5. Puis-je en parler autrement ?
Si une histoire te semble trop délicate à raconter telle quelle, il existe des solutions pour la partager sans tout dévoiler :
- Utiliser des pseudonymes pour les personnes concernées.
- Modifier certains détails pour protéger les identités.
- Écrire une version édulcorée, en gardant l’essentiel mais sans entrer dans les détails gênants.
Exemple : Au lieu de « Mon grand-père a été emprisonné pour vol », tu peux écrire « Mon grand-père a traversé des épreuves difficiles dans sa jeunesse, qui l’ont rendu plus fort ».
Si tu dois aborder un sujet délicat : mon conseil
Si tu décides d’écrire sur un sujet sensible, prends toujours le temps de le recontextualiser. Une action ou un choix qui peut sembler choquant — comme un avortement au début du XXe siècle, un vol commis en période de famine, ou une désertion en temps de guerre — mais cet évènement s’inscrit souvent dans des réalités historiques, sociales ou économiques très différentes des nôtres. Par exemple, déserter pendant la Première Guerre mondiale n’a pas la même signification que refuser de servir son pays en temps de paix. Expliquer ces nuances permet de rendre hommage à la complexité des vies de tes ancêtres, sans jugement hâtif.

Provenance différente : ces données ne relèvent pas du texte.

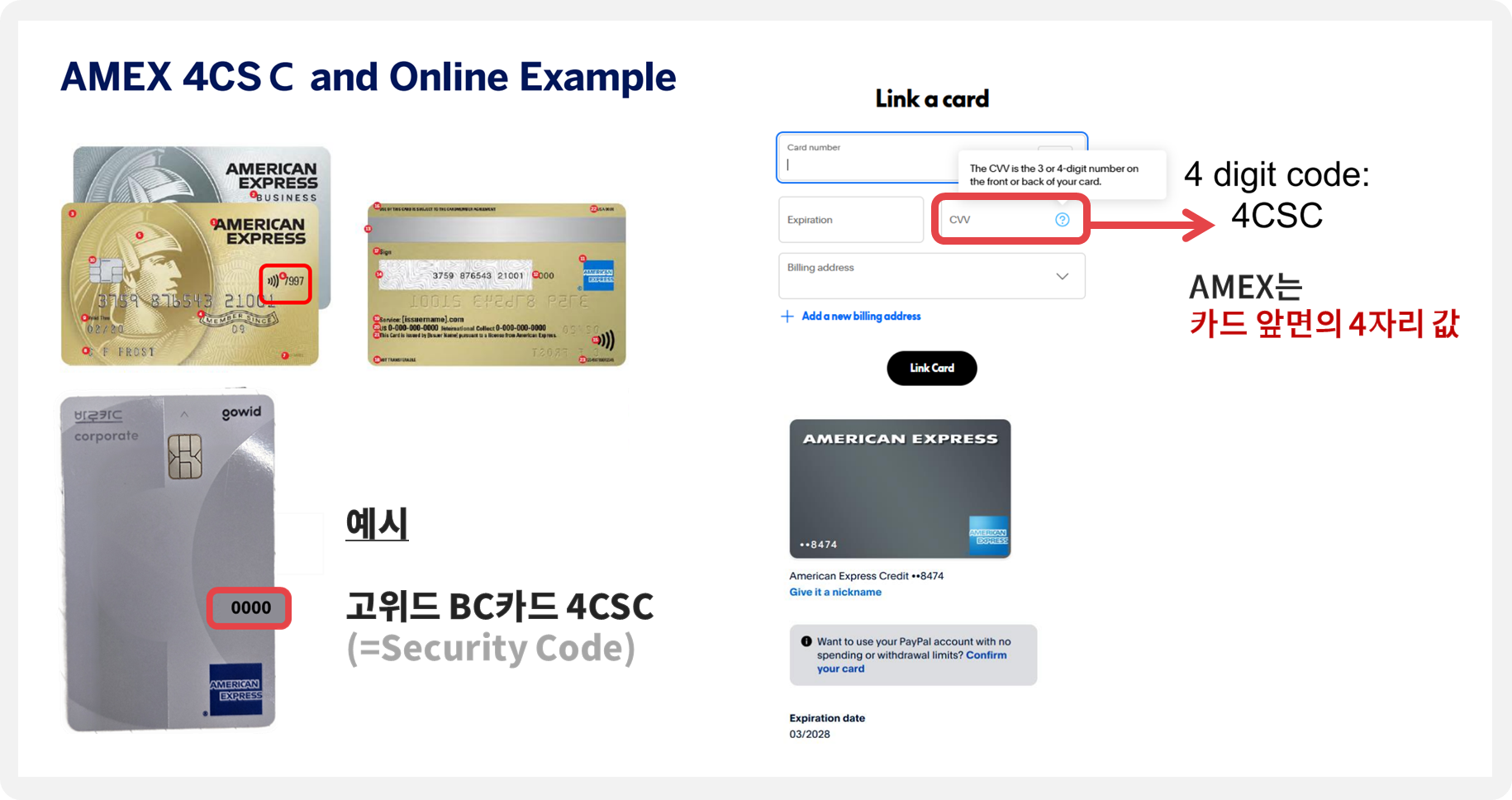 익숙한 MasterCard 가 아니라, 아멕스(AMEX) 상품이라 결제 오류가 발생할 수 있습니다. 안내 드리는 Security Code, CVC번호 등 차이에 대해 참고하셔서 진행해주세요.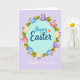 This card features a calm lavender background with a neat circular wreath that feels like a gentle embrace 🌷. In the center, a light blue circle holds the words “Happy Easter” in flowing purple lettering, with a tiny red heart tucked beside the phrase to add a sweet, affectionate touch. Around it, green leaves and small yellow and purple flowers form a ring, like a spring garland arranged for two people who care about each other. Tucked into the greenery are pastel egg shapes with marbled patterns in soft blue, pink, purple, and pale yellow, giving the design a tender, shared-celebration look 🐰. The eggs have subtle highlights that make them look slightly glossy against the matte background. Beneath the wreath, the text “Daughter & Son in Law” appears centered in small white flowing lettering. The final detail is the thin leafy stems and tiny blossoms evenly spaced around the circle, with the pastel eggs nestled between them.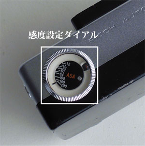 フィルムの感度(ASA)を設定します。窓の数字は絞り値ですので、通常はAで使用すれば問題ありません。 |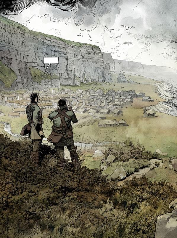 La partie graphique de la série Society sera assurée par quatre dessinateurs : Torrents, Nespolino, le talentueux Ronan Toulhoat (qui signe ici la couverture du premier tome) et donc Stéphane Bervas. Son trait réaliste est d’une belle dynamique, fluide et d’une grande justesse. Il faut souligner que les formidables couleurs de Jean Bastide mettent agréablement en lumière les planches de l’auteur de 2021 (avec Betbeder, Soleil). Le dessinateur a apporté beaucoup de soin pour les décors des villes de Londres et Kerlodge (voir la très belle illustration pleine page mettant en scène Holmes et Watson sur les hauteurs de la petite cité, page 22 – illustration ci-dessus).

Si tu gardes ce secret pour toi
Et si, après réflexion, tu préfères ne pas inclure certains détails dans ton livre, trouve une autre façon de les transmettre : dans un cercle familial restreint, à travers un carnet personnel que tu confieras plus tard à un proche de confiance, ou même sous forme de lettre accompagnée d’archives. L’important, c’est que ces histoires ne disparaissent pas — simplement qu’elles soient partagées avec discernement.
Conclusion : Trouver ton équilibre
Écrire un livre de famille, c’est un peu comme composer une recette : il faut doser les ingrédients pour que le résultat soit savoureux et digeste pour tous. Ces 5 questions t’aideront à faire les bons choix, entre transparence et respect.